I took the seat furthest from Chase. Kate sat next to Haley, and I sat next to her, while he took the chaise-lounge perpendicular to ours.
The Conjuring started playing. It was one of the scariest movies I've watched, so I moved and shifted a little to turn some lampshades on.
Lightning coincided with the scene when the little girl was banging her head repeatedly on the closet. It made the hair on my neck stand up.
I found it funny when I peeked on what Kate was doing, and she had the pillow squished on the side of her face nearly the entire time, and she would occasionally dare to slide it away a little so she could take a look.

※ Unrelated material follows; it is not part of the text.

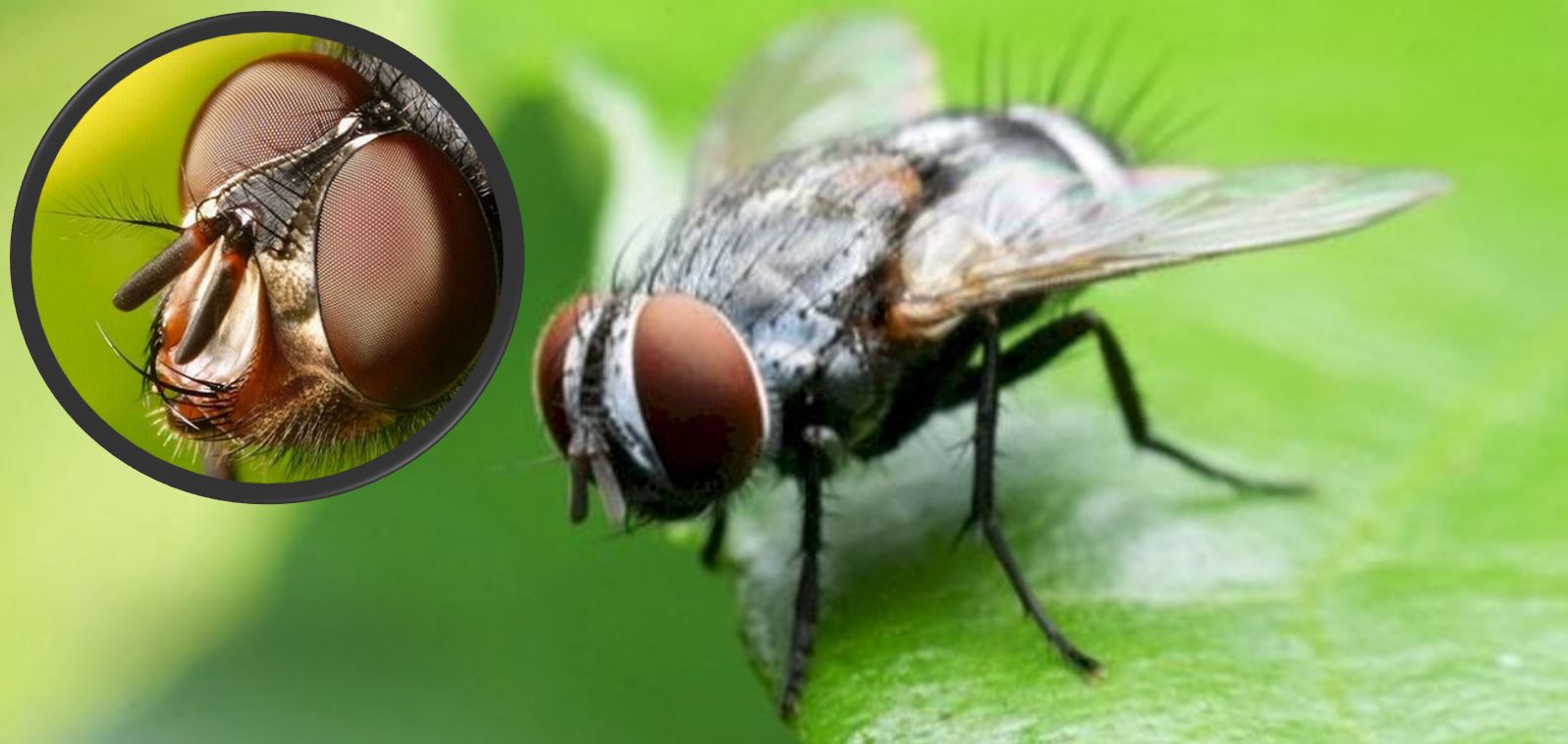 يمتلك الذباب المنزلي عيون مركبة (مجموعة من مئات العيون الصغيرة) بحيث إن الذبابة تستطيع أن ترى أي حركة تحدث من حولها وفى أي اتجاه، وهذا ما يجعل الذبابة كثيرة الحذر شديدة اليقظة.
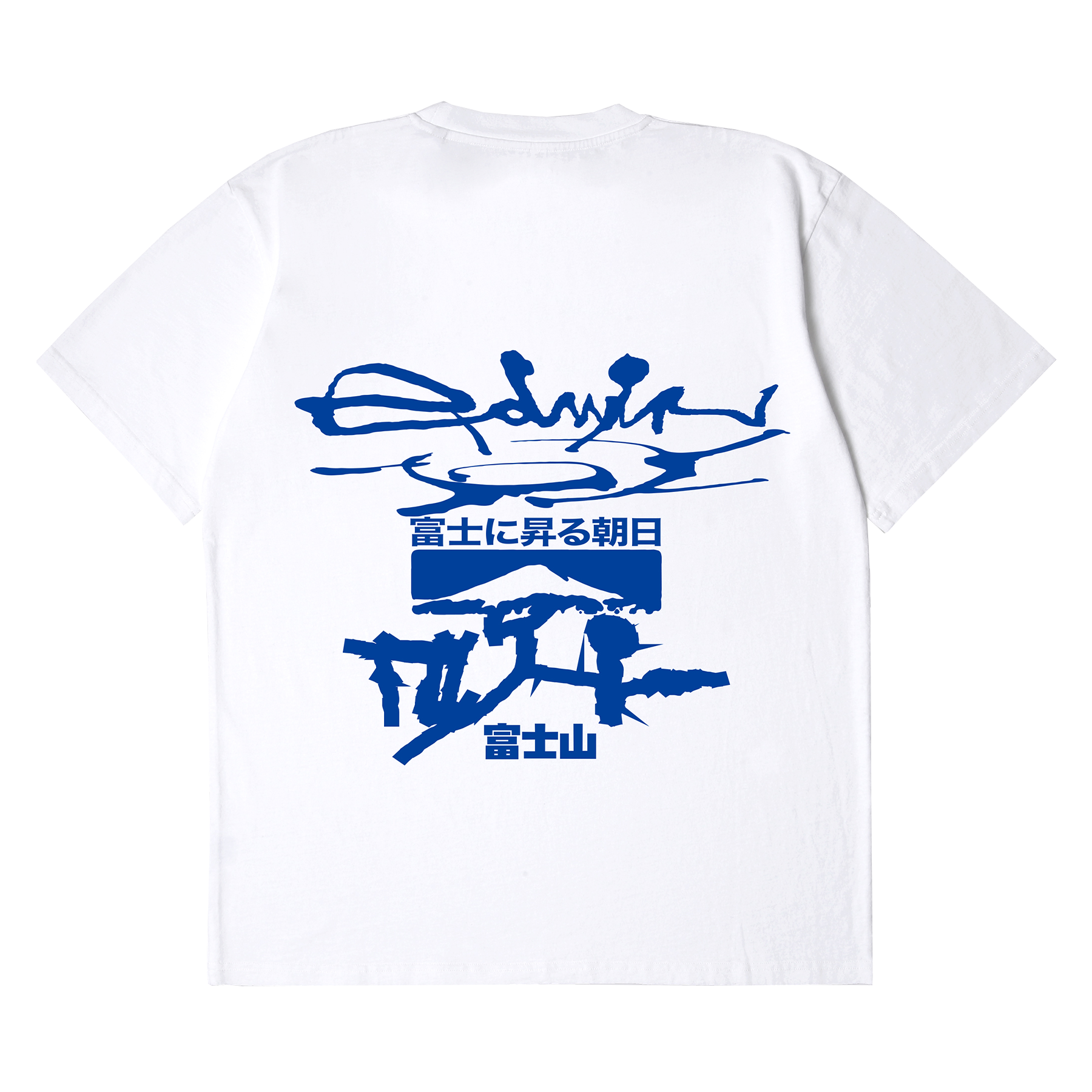 The EDWIN Mount Fuji Dusk T-Shirt is made from 160g/m² single jersey, 100% cotton. It features an oversized fit, graphic prints on both chest and back, and a ribbed collar for added durability and structure.

"Kate, what are we playing this movie for if you're not going to watch it?" I nudged her elbow.
"I can hear what's happening. And I look."
* * *
We argued about flavors.
He started it.
After the movie, Kate suggested pizza. He was a fan of pineapples. I liked pineapples. I liked them on something like, say, pineapple pie, and not on something that ever touched cheese. Some things were sacred.
So it led to a little researching. I did a search for the pros and cons of Hawaiian pizza, spouting random facts to his face, while he pulled his own one out and did the same to my beloved barbecue flavor.
In the middle of my Hawaiian pizza fun fact, Kate had enough. She physically placed herself between us, and pushed. Then she shrieked with a tone that brook no argument, "Cut it out! We're having fucking classic."
We both groaned collectively and sulked while we waited for the order to arrive.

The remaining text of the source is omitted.